**WORK REQUIRED**
Go to the line that contains "Christmas in July" in the listing below, then output it and every line after it exactly, omitting pictures.

**DATASET EXCERPTS**
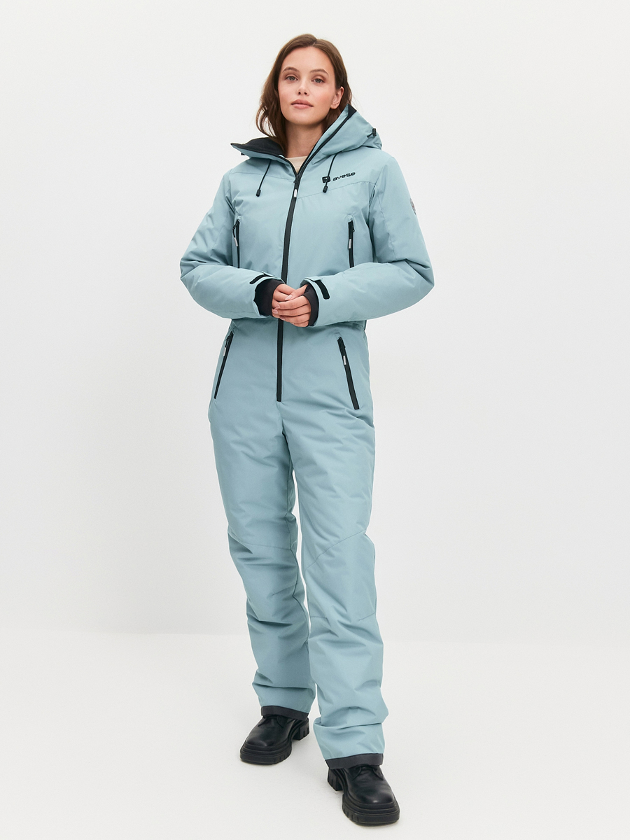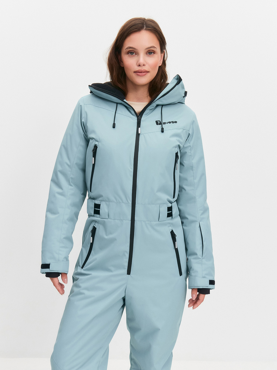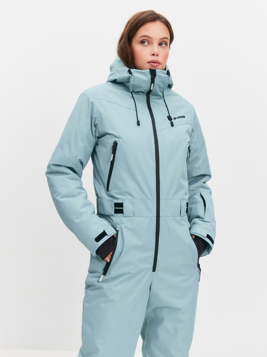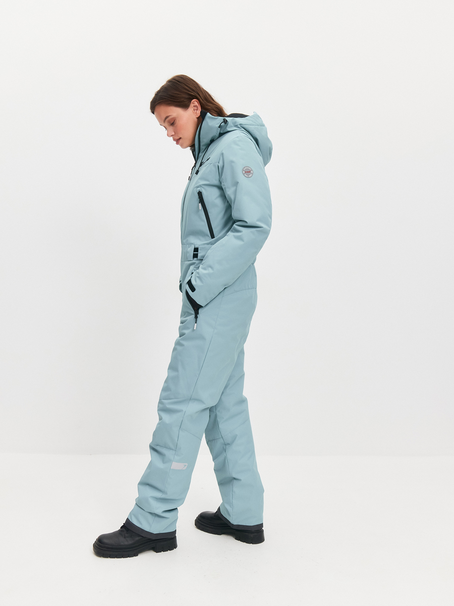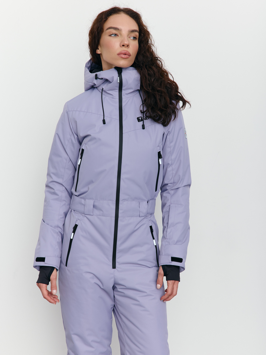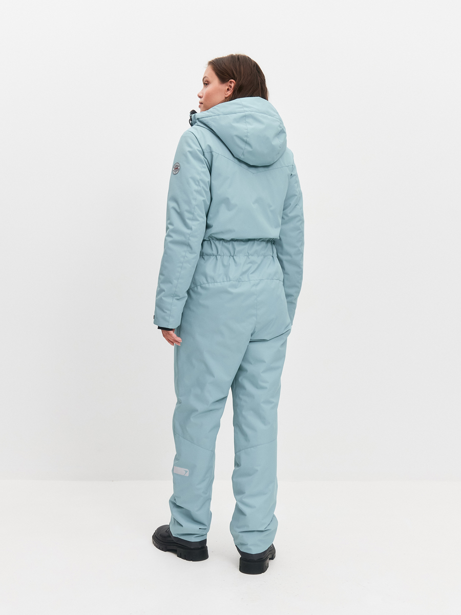 Женский зимний комбинезон из мембранной ткани с отрезным поясом по талии, пояс регулируется патами на липучке. Центральная застежка на молнию с влагозащитным покрытием. Втачной капюшон с кулисами по лицевой и затылочной части. 4 кармана на молниях с влагозащитной обработкой. 1 карман на рукаве с молнией. Низ рукава с патами на липучке и с внутренним манжетом, манжет с отверстием для большого пальца. Низ брюк с усилением и с внутренней снегозащитной муфтой. Комбинированная подкладка из флиса и шелка с внутренним карманом. Внутри комбинезона помочи из резинки для удобства ношения. На комбинезоне расположены светоотражающие элементы. Рассчитана на температуру от 0 до -20.
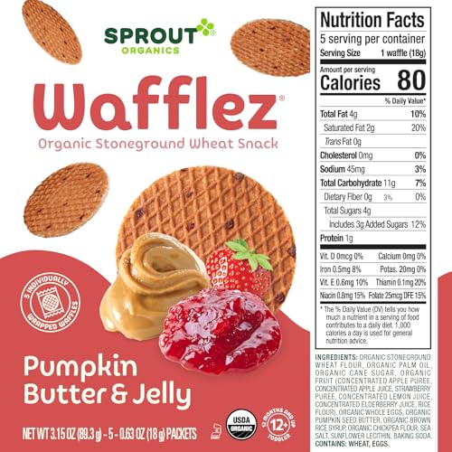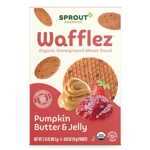 Sprout Organic Baby Food, Stage 4 Toddler Snacks, Pumpkin Butter & Jelly Wafflez, Single Serve Waffles (50 Count),5 Count (Pack of 10)
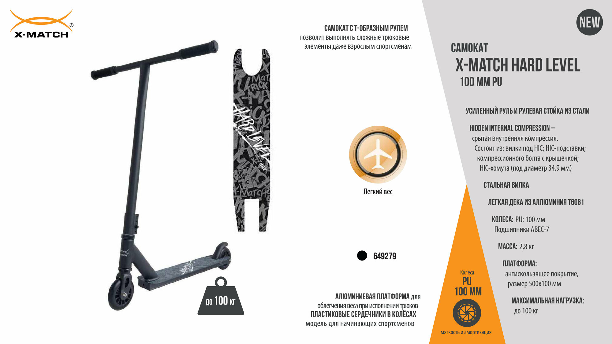 Самокат трюковой X-Match Hard Level,100мм. PU,дека 50х10см интересное:
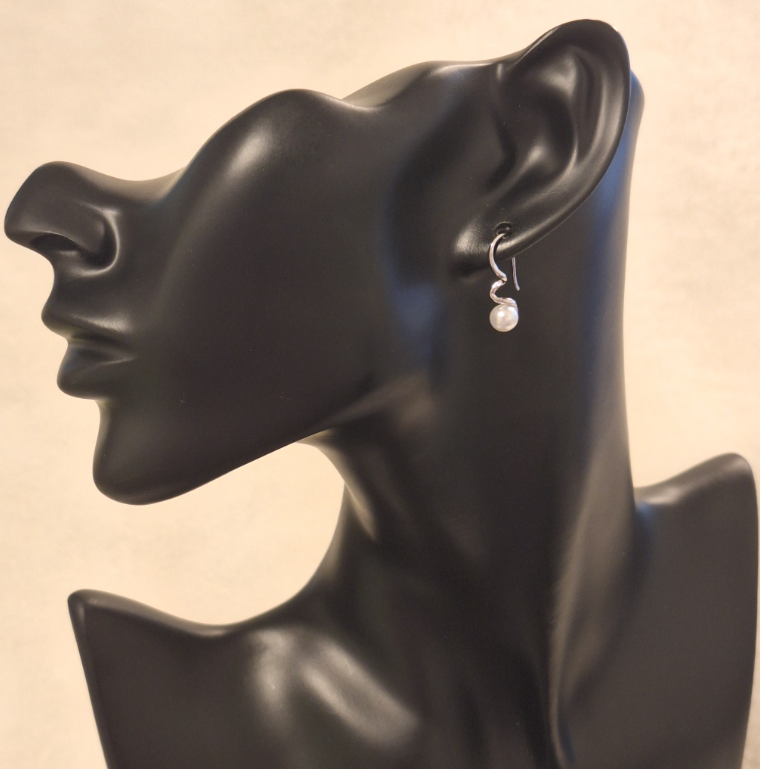 Acești cercei din argint 925 cu perlă aduc un strop de rafinament oricărei ținute. Designul lor minimalist, cu o formă grațioasă ce coboară ușor pe lobul urechii, scoate în evidență frumusețea naturală a perlei și eleganța metalului prețios.
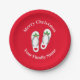 Christmas in July funny holy leaf beach sandals Paper Plate. Add your own surname and greeting. Red or custom colour. Disposable party supplies for garden party, BBQ, family reunion, gathering, dinner etc.
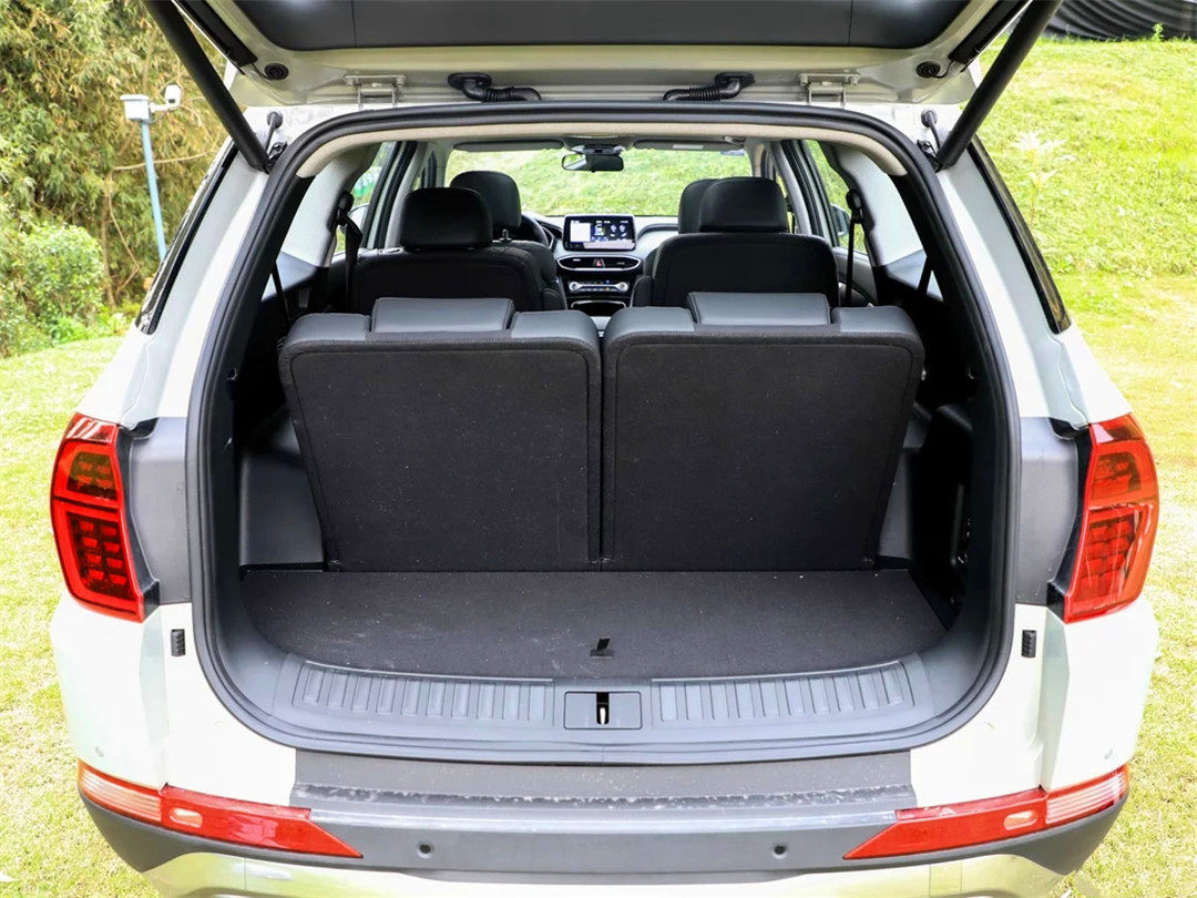 这个尺寸的中型SUV,第三排座椅收起时的后备箱容积和深度都毋庸置疑,所以我们更要看下三排座椅都打开时的表现,毫无疑问,胜达依旧取胜。
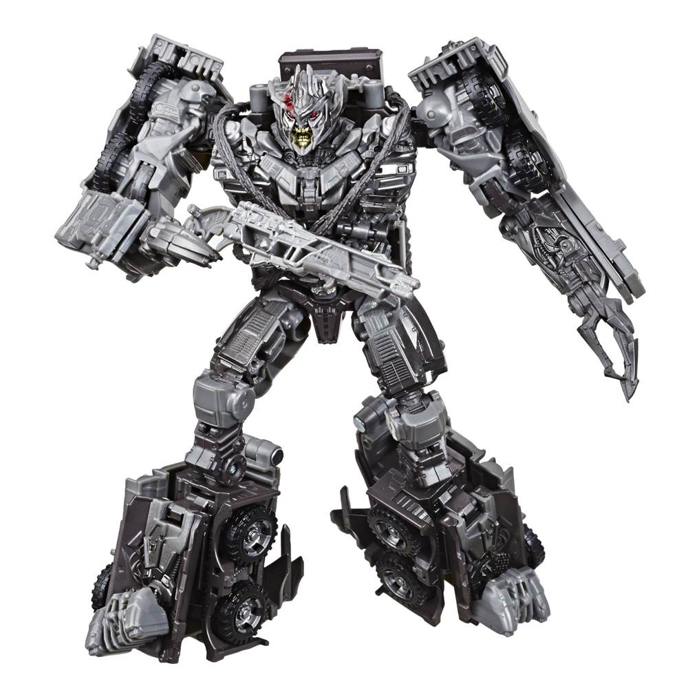 - This Studio Series 48 Leader Class As Seen In Parks Megatron figure features vivid, Universal Studios theme park-inspired deco and converts from robot to truck mode in 30 steps.
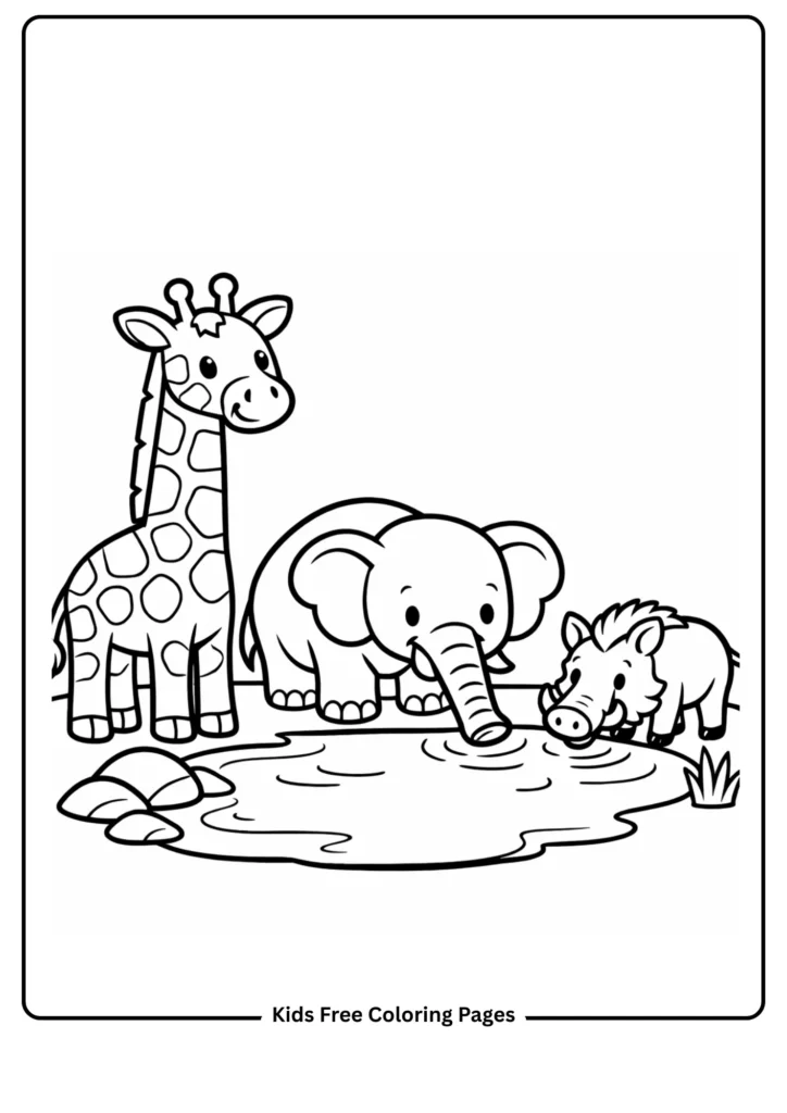 This page shows a giraffe, elephant, and warthog sharing a watering hole, teaching kids about animal communities. The large, simple animals and watering hole are easy to color.
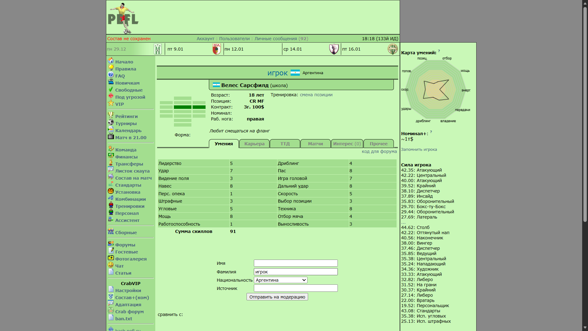 | Лидерство | 5 | Дриблинг | 3 | | Удар | 4 | Пас | 4 | | Видение поля | 3 | Игра головой | 3 | | Навес | 5 | Дальний удар | 5 | | Перс. опека | 4 | Скорость | 5 | | Штрафные | 6 | Выбор позиции | 2 | | Угловые | 2 | Техника | 5 | | Мощь | 7 | Отбор мяча | 6 | | Работоспособность | 3 | Выносливость | 5 | | Сумма скиллов | 77 | | | | | |
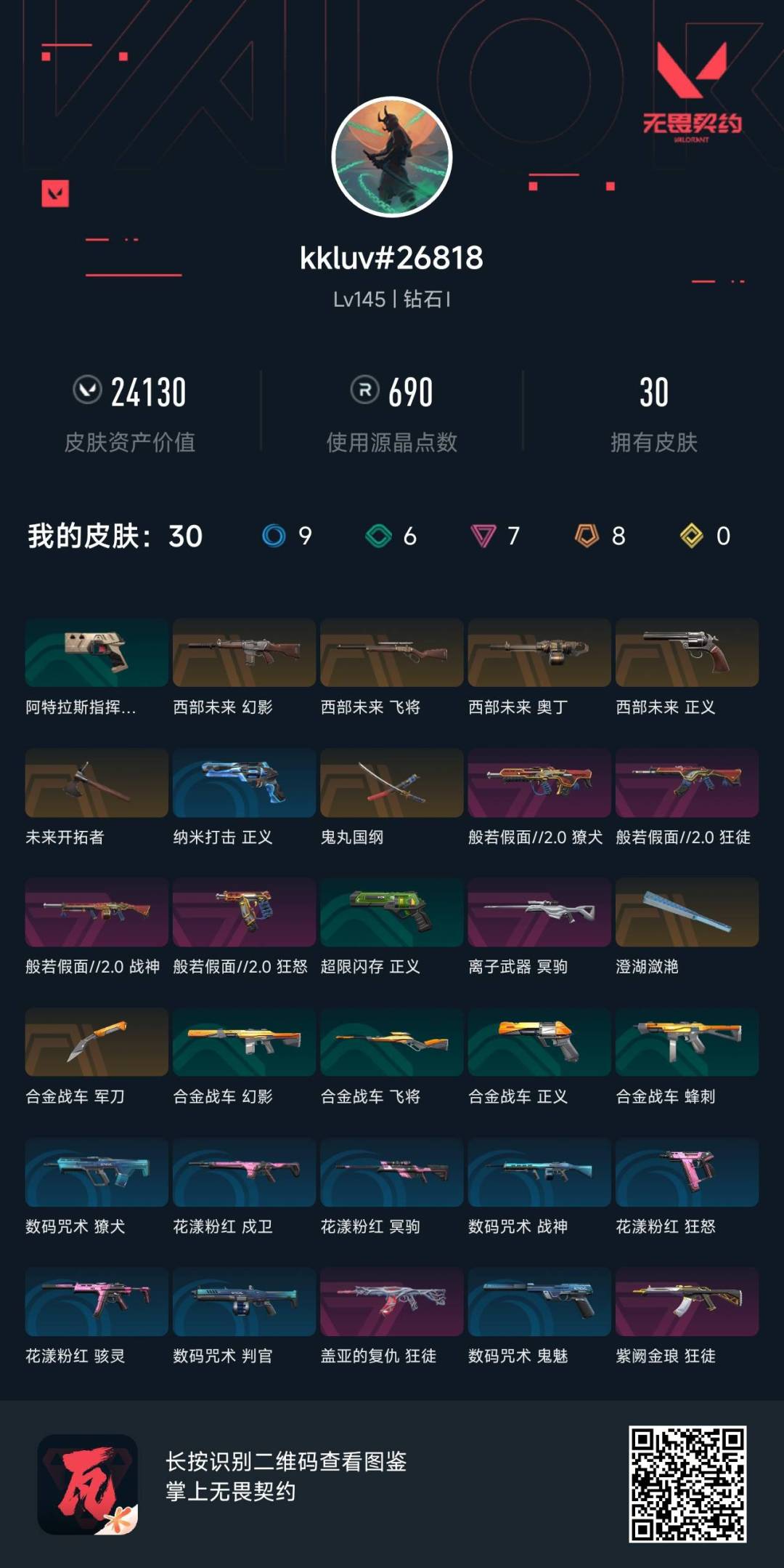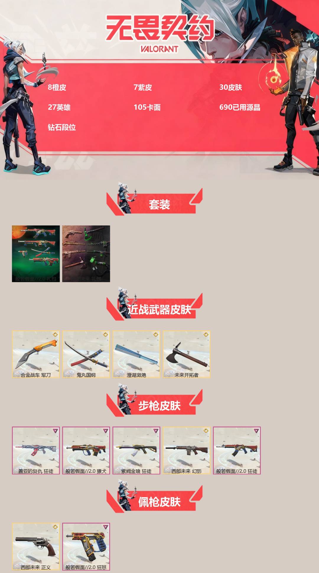 [14292717]8橙皮 7紫皮 30皮肤 27英雄 105卡面 690已用源晶 钻石段位 【套装】:般若假面//2.0套装西部未来 【近战武器皮肤】:未来开拓者鬼丸国纲澄湖潋滟军刀-合金战车 【佩呛皮肤】:狂怒-般若假面//2.0正义-西部未来 【步呛皮肤】:幻影-西部未来獠犬-般

**RESPONSE**
 Christmas in July funny holy leaf beach sandals Paper Plate. Add your own surname and greeting. Red or custom colour. Disposable party supplies for garden party, BBQ, family reunion, gathering, dinner etc.
 这个尺寸的中型SUV,第三排座椅收起时的后备箱容积和深度都毋庸置疑,所以我们更要看下三排座椅都打开时的表现,毫无疑问,胜达依旧取胜。
 - This Studio Series 48 Leader Class As Seen In Parks Megatron figure features vivid, Universal Studios theme park-inspired deco and converts from robot to truck mode in 30 steps.
 This page shows a giraffe, elephant, and warthog sharing a watering hole, teaching kids about animal communities. The large, simple animals and watering hole are easy to color.
 | Лидерство | 5 | Дриблинг | 3 | | Удар | 4 | Пас | 4 | | Видение поля | 3 | Игра головой | 3 | | Навес | 5 | Дальний удар | 5 | | Перс. опека | 4 | Скорость | 5 | | Штрафные | 6 | Выбор позиции | 2 | | Угловые | 2 | Техника | 5 | | Мощь | 7 | Отбор мяча | 6 | | Работоспособность | 3 | Выносливость | 5 | | Сумма скиллов | 77 | | | | | |
 [14292717]8橙皮 7紫皮 30皮肤 27英雄 105卡面 690已用源晶 钻石段位 【套装】:般若假面//2.0套装西部未来 【近战武器皮肤】:未来开拓者鬼丸国纲澄湖潋滟军刀-合金战车 【佩呛皮肤】:狂怒-般若假面//2.0正义-西部未来 【步呛皮肤】:幻影-西部未来獠犬-般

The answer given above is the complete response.